Podiatrists are the catalyst for communication among a variety of specialists. Internal medicine physicians are primary care physicians for adults. Endocrinologists diagnose and treat disorders of the endocrine glands and hormones such as types I and II diabetes. Infectious disease specialists are physicians that are trained in internal medicine who specialize in the diagnosis, treatment, and management of infectious diseases. Vascular surgeons are doctors who treat conditions that alter the performance of the vascular system.

The treatments may involve surgery, but vascular surgeons also treat conditions with non-surgical treatment options. Interventional cardiology is a subspecialty of cardiology. Through the utilization of intravascular catheter techniques with fluoroscopy, these specialists treat valvular and congenital diseases as well as diseases of the coronary arteries. Neurologists specialize in the anatomy, function, and disorders that involve the patient’s nerves and nervous system. Wound care specialists are health care providers who have been trained specifically in the care and treatment of all types of wounds, including those that are acute and chronic. A social worker may also be involved with a wound care patient’s case. Not all these specialists will be on the team, but any of these are possibilities.

The podiatrist quite often serves as the team builder for a wound care patient as well as performing the duties of the podiatrist such as treatment of ulceration. It is the podiatrist who will instruct care staff on offloading. The debridement of devitalized tissue is a part of the treatment. If it is found that the tissue cannot be revitalized, a partial amputation may be needed. The podiatrist will perform this as well as utilizing negative pressure devices for healing. The podiatrist is the core of the wound care team.

How Podiatrists and Wound Care Physicians are Providing Care to Skilled Nursing Facilities During the Pandemic

Since the onset of the novel coronavirus pandemic, it has become increasingly apparent that the need for telehealth infrastructure for health care providers is now an essential component of health care clinics across the United States. According to the New York Daily News, the pandemic is likely to last 18 to 24 months and come and go in waves.

Skilled Nursing facilities have turned to telehealth for specialist and therapeutic visits for their residents to protect them from contracting the virus while maintaining the continuum of care. Approximately eight of every ten deaths in the United States have been in adults aged 65 or older. For this reason, skilled nursing facilities have stopped allowing traffic into their buildings outside of their staff.

The nurses in skilled nursing facilities facilitate rounds with the physician via any two-way video communication platform. The nurse can show the physician the patient’s foot and the provider can view the patient from different angles as he/she requests the nurse to move the camera up and down or left to right. The provider will chart regarding the patient as he/she makes recommendations for treatment. Any needed lab work can be performed in-house at the facility.

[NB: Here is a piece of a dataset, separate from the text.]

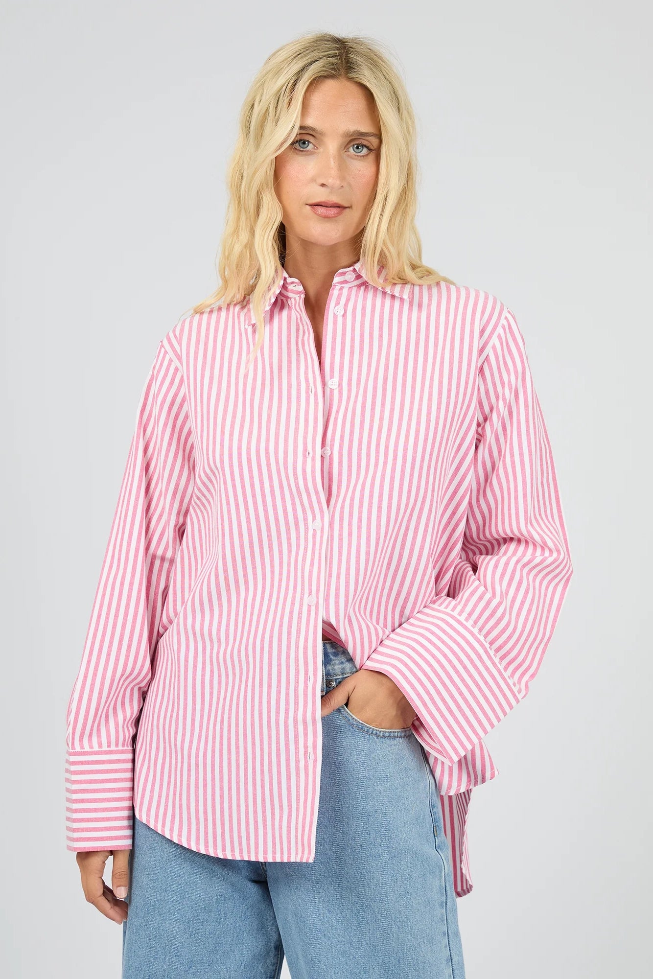 An oversized stripe shirt is a summer staple. Cute with jeans or shorts or wear it open over togs at the beach.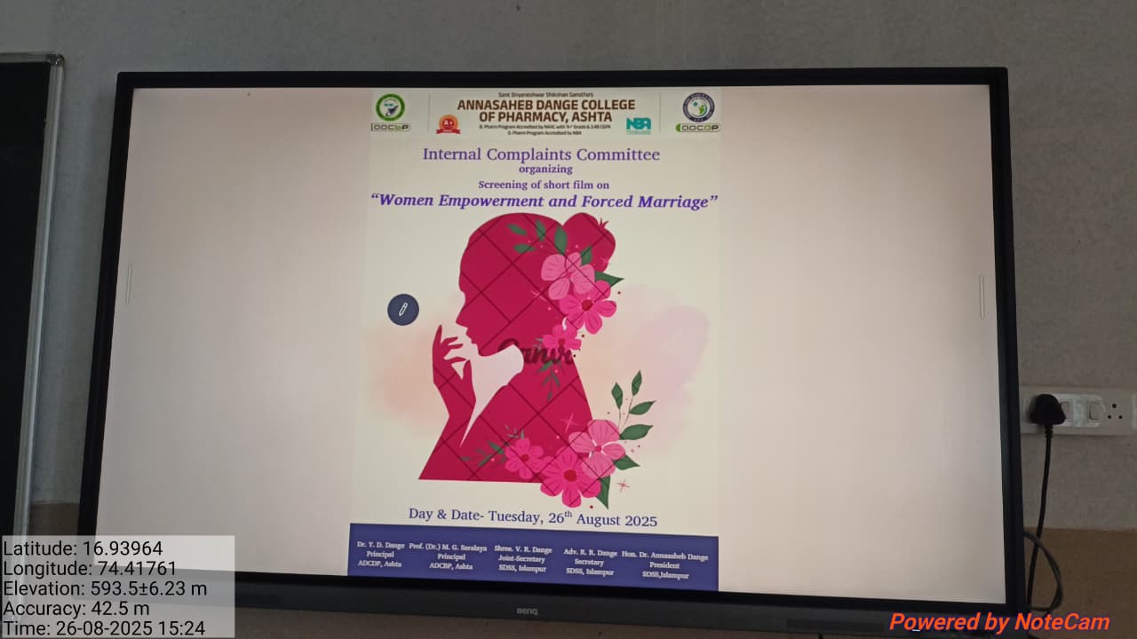 Women’s Equality Day Day under the aegis of Internal Complaint Cell (ICC) and Gender Sensitization cell on Tuesday, 26th August 2025 screening of a short film highlighting the issues of Women Empowerment and Forced Marriage. on the occasion Women’s Equality Day a Rangoli Competition organized with the theme “Women Empowerment and Equality on 26th August 2025

Although seeing a patient bedside is ideal, telehealth makes it possible to provide seamless care for residents. It is safe, quick, efficient, and cost-effective. Patients find the process lightly unfamiliar initially, but once they are accustomed to the process, they are happy. Being able to see their provider once a week still gives the resident a sense of comfort and care. The specialist can talk face-to-face with the patient and answer any questions that may arise.

Because family members cannot visit the resident, they may have questions as well. It is up to individual providers to make themselves available to their patient’s family members. Some choose to have the facility handle any questions there may be. It is important to keep in mind that this is a stressful time for family members, as they cannot visit with their loved one(s) unless it is through video or a window visit. They may be having a hard time getting through this pandemic as many of us are.